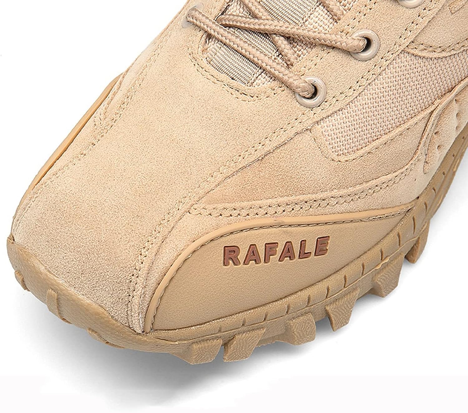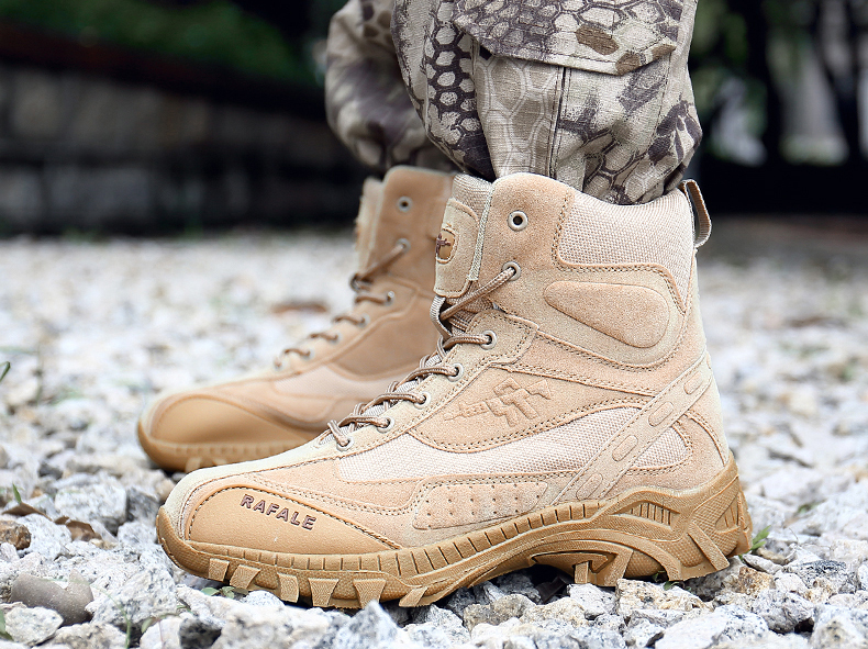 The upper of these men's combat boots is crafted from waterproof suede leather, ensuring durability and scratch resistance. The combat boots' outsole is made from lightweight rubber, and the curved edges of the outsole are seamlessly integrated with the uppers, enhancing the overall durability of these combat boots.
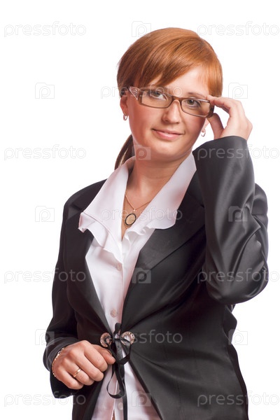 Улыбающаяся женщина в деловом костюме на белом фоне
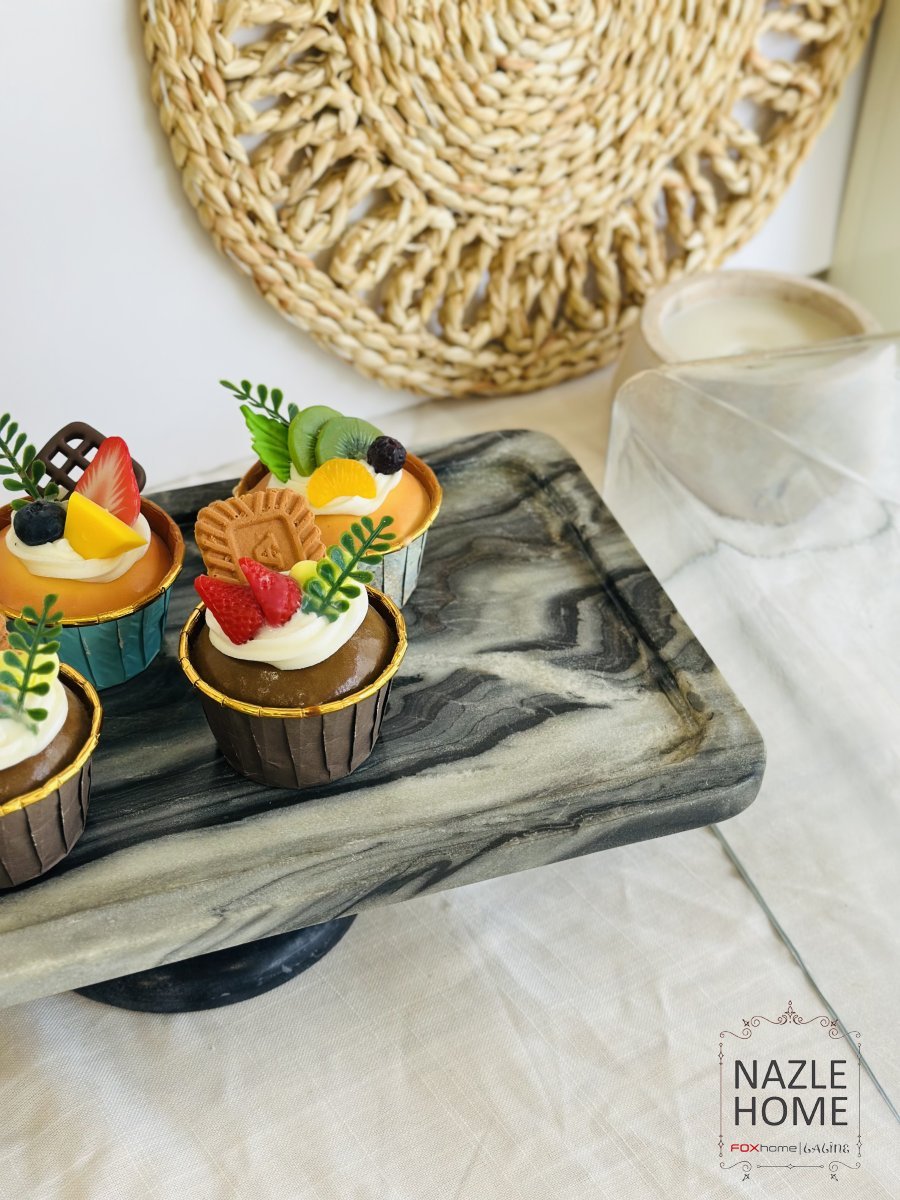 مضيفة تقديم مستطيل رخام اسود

☆ ☆ ☆

▶ [What you need to do] All of the data, minus its pictures, should be repeated exactly.

▶ [Task output]
 The upper of these men's combat boots is crafted from waterproof suede leather, ensuring durability and scratch resistance. The combat boots' outsole is made from lightweight rubber, and the curved edges of the outsole are seamlessly integrated with the uppers, enhancing the overall durability of these combat boots.
 Улыбающаяся женщина в деловом костюме на белом фоне
 مضيفة تقديم مستطيل رخام اسود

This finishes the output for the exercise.